Please make an exact copy of the lines from the one holding "A coworker gave" through the end of the data, both ends included, with no pictures.
● ● ● ● ● ● ●
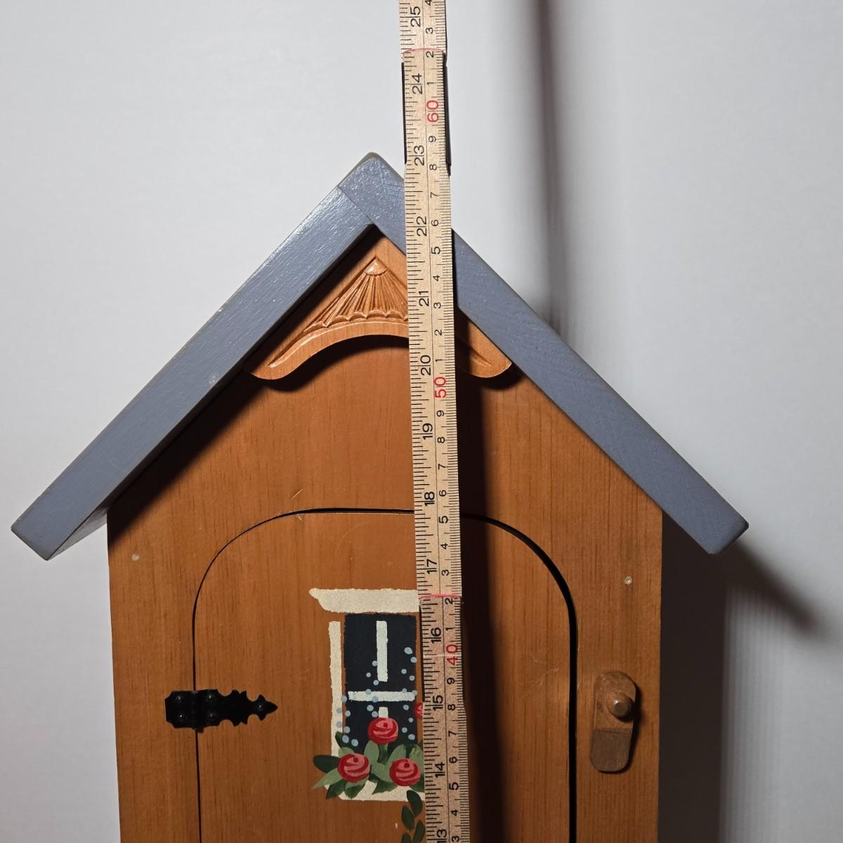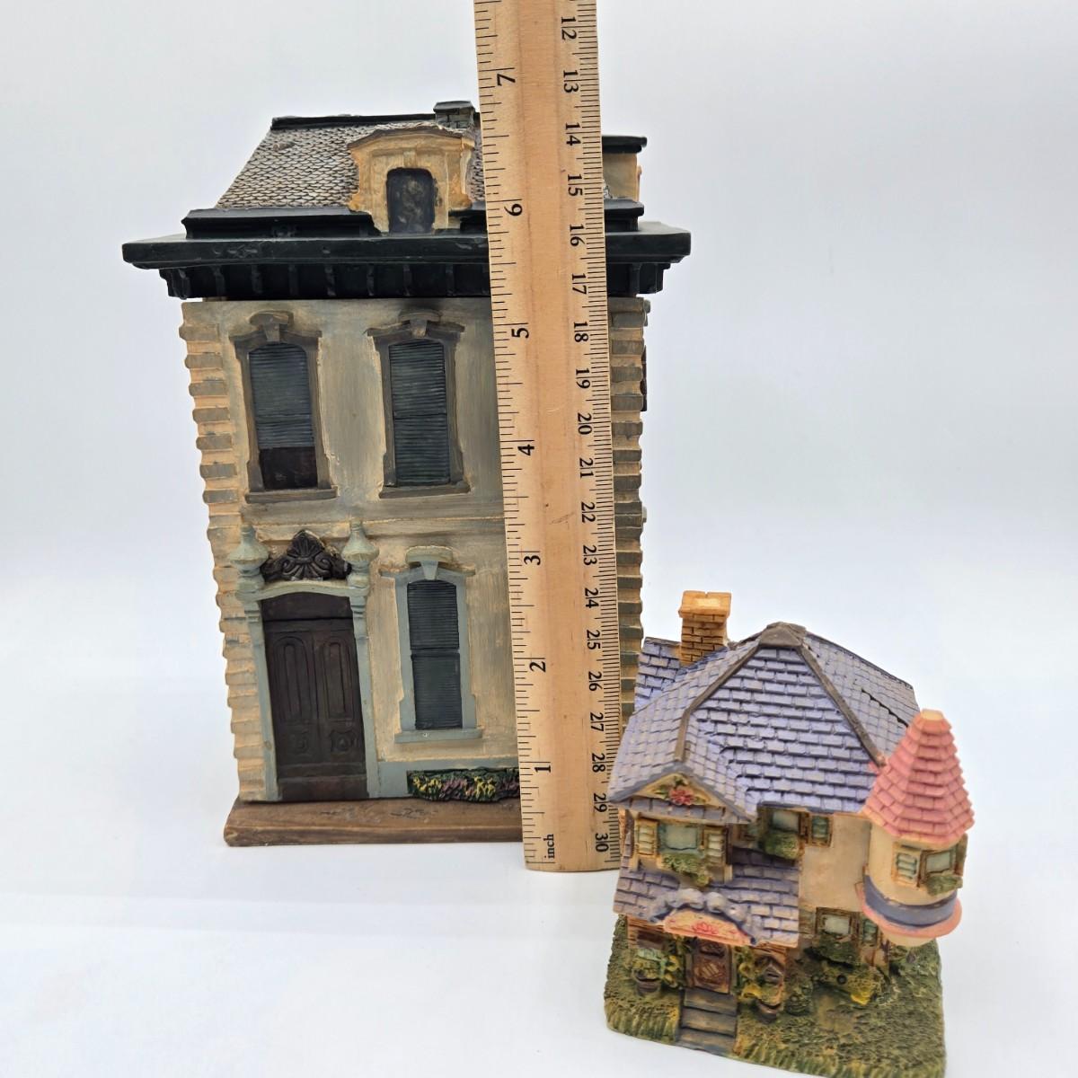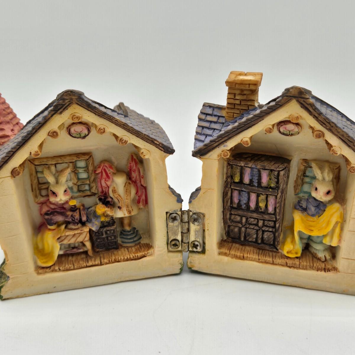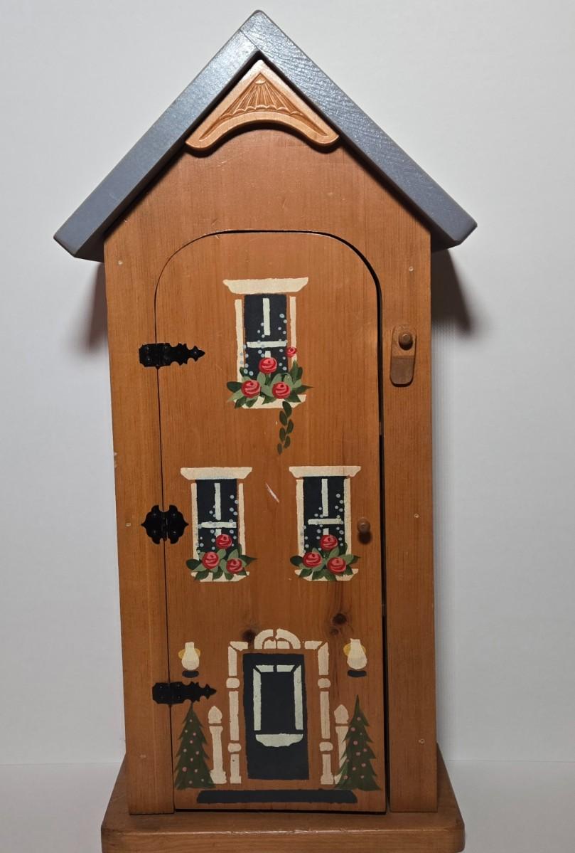 LOT 57A: Wooden House Cabinet with Metal Doll house Furniture, Two Miniature Tea Sets, and More
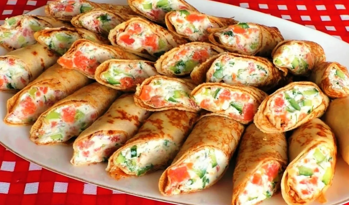 Kai įdėsite įdarą į visus blynus, gausite puikų užkandį.
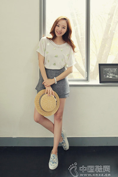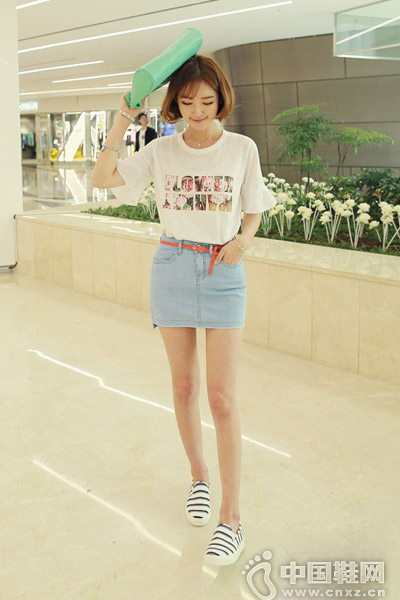 白T恤上面点缀着唯美浪漫的印花图案,瞬间就多了几分柔美梦幻的感觉,搭配修身款的牛仔短裙,曲线显得优美动人,配条纹休闲鞋清新时尚,看起来特别青春烂漫,活力四射。(中国鞋网-最权威最专业的鞋业资讯中心。合作媒体:)
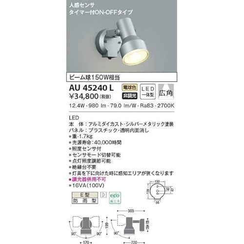 コイズミ照明 エクステリアスポットライト 【品番:AU45240L】の製品情報
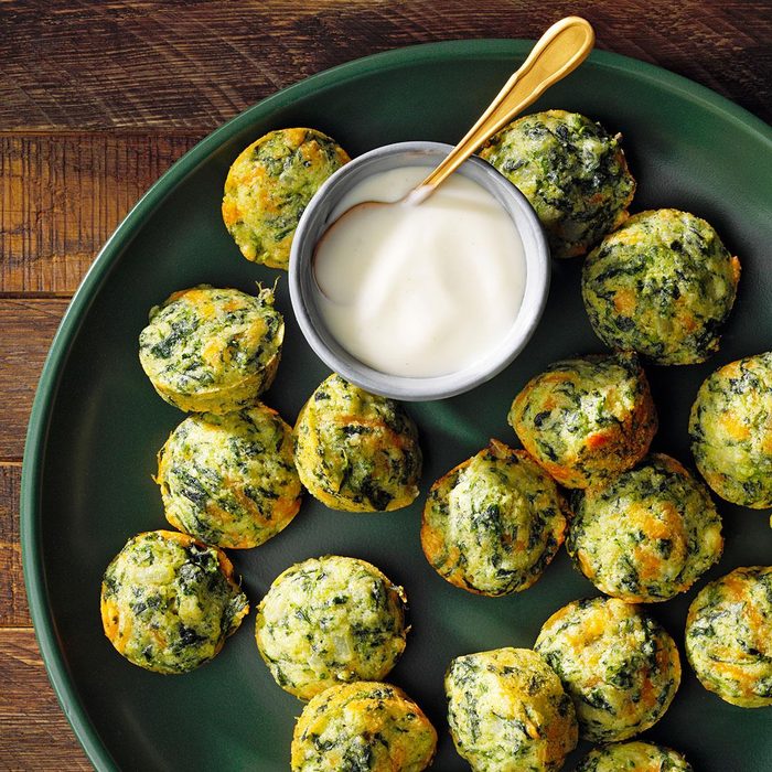 A coworker gave me this recipe thirty years ago. I made a few changes to suit my family’s tastes. These hot cheese and spinach puffs are tasty and always well-received! They are super convenient since you can make them in advance and bake them later. —Kristine Chayes, Smithtown, New York
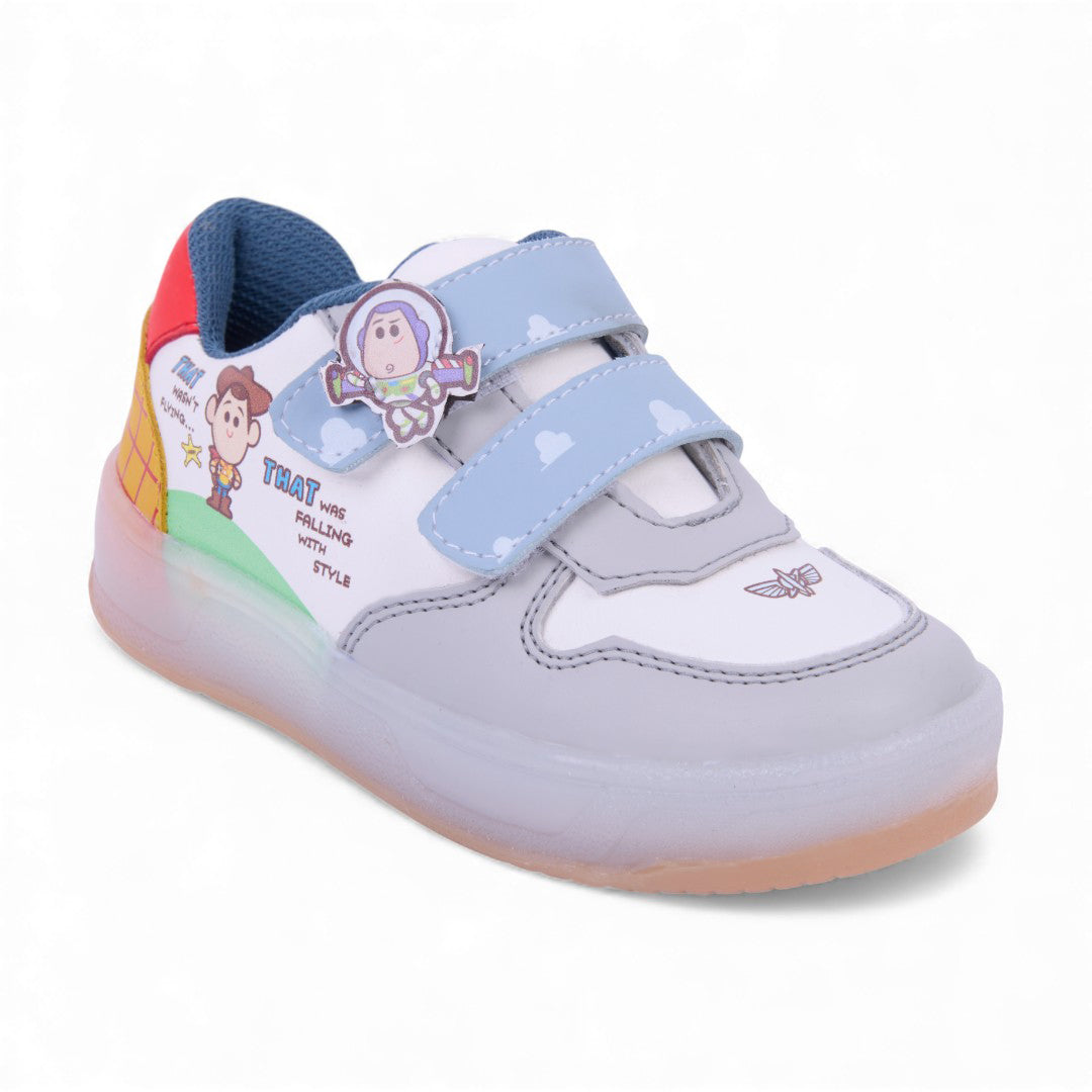 Tenis casual multicolor con estampado divertido, cierres con velcro y luces integradas en la suela. Ligeros, cómodos y perfectos para looks infantiles llenos de energía.
● ● ● ● ● ● ●
• **SOLUTION**
 A coworker gave me this recipe thirty years ago. I made a few changes to suit my family’s tastes. These hot cheese and spinach puffs are tasty and always well-received! They are super convenient since you can make them in advance and bake them later. —Kristine Chayes, Smithtown, New York
 Tenis casual multicolor con estampado divertido, cierres con velcro y luces integradas en la suela. Ligeros, cómodos y perfectos para looks infantiles llenos de energía.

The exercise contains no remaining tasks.